§ Supplied records:
++++++++++

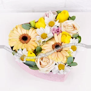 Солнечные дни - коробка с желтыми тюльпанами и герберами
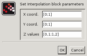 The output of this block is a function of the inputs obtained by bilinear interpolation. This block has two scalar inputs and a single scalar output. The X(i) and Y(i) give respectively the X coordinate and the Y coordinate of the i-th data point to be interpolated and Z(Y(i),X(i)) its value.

++++++++++

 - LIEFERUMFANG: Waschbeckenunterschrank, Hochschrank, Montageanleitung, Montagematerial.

++++++++++

§ To do: Give again, exactly as written above, each line from the one that has "Солнечные дни - коробка" to the one that has "The output of", both included; omit the pictures.

§ Answer to this exercise:
 Солнечные дни - коробка с желтыми тюльпанами и герберами
 The output of this block is a function of the inputs obtained by bilinear interpolation. This block has two scalar inputs and a single scalar output. The X(i) and Y(i) give respectively the X coordinate and the Y coordinate of the i-th data point to be interpolated and Z(Y(i),X(i)) its value.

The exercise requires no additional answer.